Most of the other major roles have yet to be assigned, but Reitman has already secured what he describes as “the perfect actor” to re-create Jeff Bridges easy-going stoner the Dude. However, that will remain under wraps until next week, just before Thursday’s performance at the Los Angeles County Museum of Art. (A few other surprises may be held until the show itself.)

The things Reitman loves about The Big Lebowski: “It’s structurally perfect. It’s like a satire of film noir, but it’s one of the best film noirs. The dialogue is impeccable. … It’s further proof that if you’re that talented you can break any rule you want. At its core, the purpose of the [live-read] series is to celebrate great writing. There’s not much better writing than the Coen Brothers.”

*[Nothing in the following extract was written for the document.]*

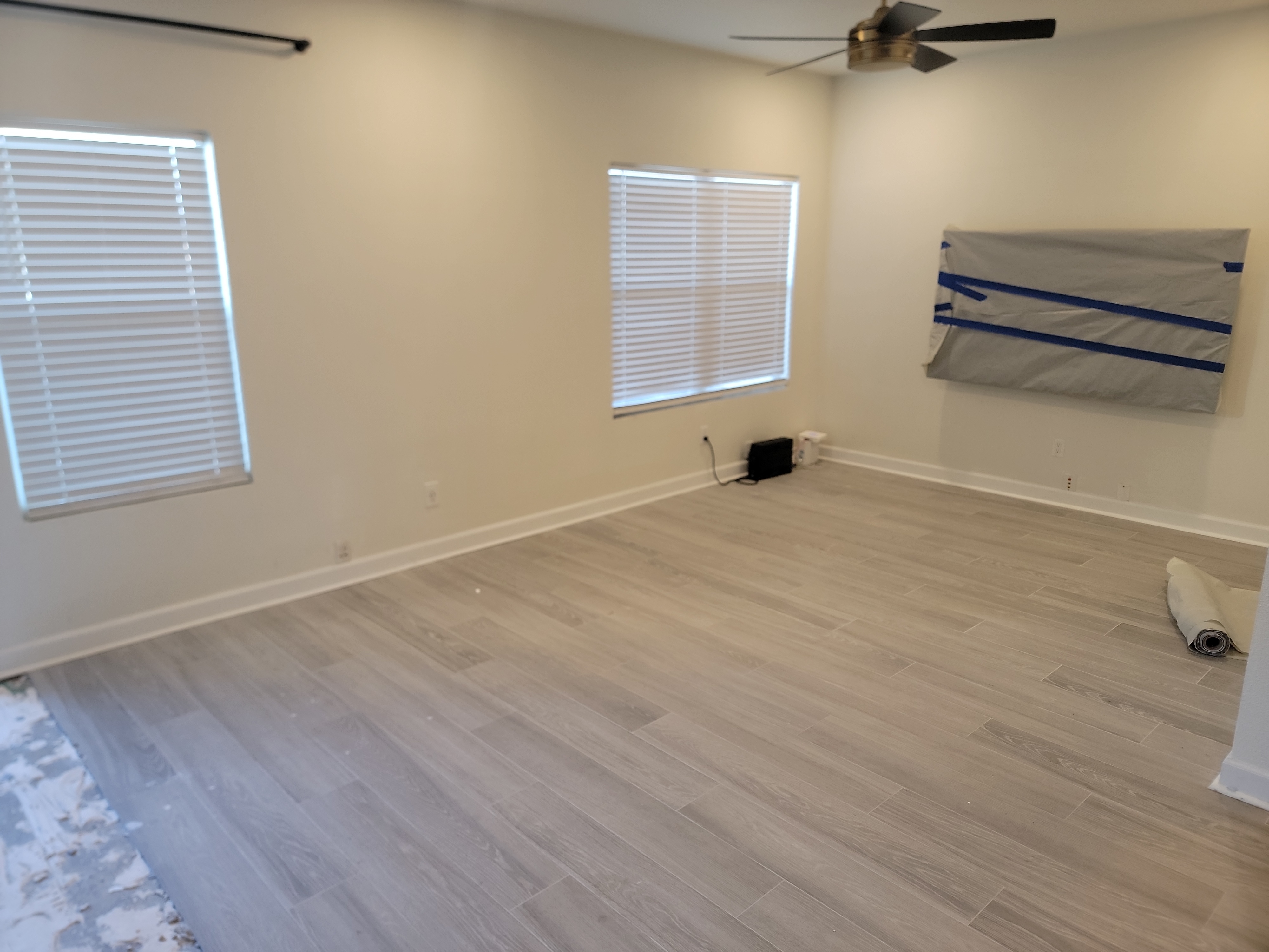 Fire Reconstruction Inc. provided comprehensive water damage restoration services, which included assessing the damage, removing compromised flooring materials, preparing the subfloor, and installing new light grey wood-look tile flooring throughout the affected areas. The project also involved careful content manipulation and moving items to facilitate the restoration process.

The unfortunate thing for those who don’t get tickets to the Film Independent event is that these readings aren’t recorded to share afterward. Even so, film fans can’t help but be fascinated by the Up in the Air and Young Adult filmmaker’s cinematic experimentation.

February’s reading of Quentin Tarantino’s Reservoir Dogs brought together an all-black cast. December’s re-creation of The Princess Bride gave original star Carey Elwes the villain’s part, made director Rob Reiner the narrating grandpa, and allowed a grown-up Fred Savage to play his 10-year-old self again. Other movies in the series were The Breakfast Club, The Apartment, and Shampoo.”

For the grand finale, Reitman says he and Film Independent’s Elvis Mitchell, who helps curate the series, wondered “do we close with a movie like Manhattan, and make it more small and thoughtful, or should we go with something like The Princess Bride and really blow the doors off? In the end, we decided to go with the biggest audience pleaser, a film where the audience will probably know every line of dialogue.”

In this case, that may be literally true. The entire audience could recite this one in tandem with the actors, like a non-musical singalong.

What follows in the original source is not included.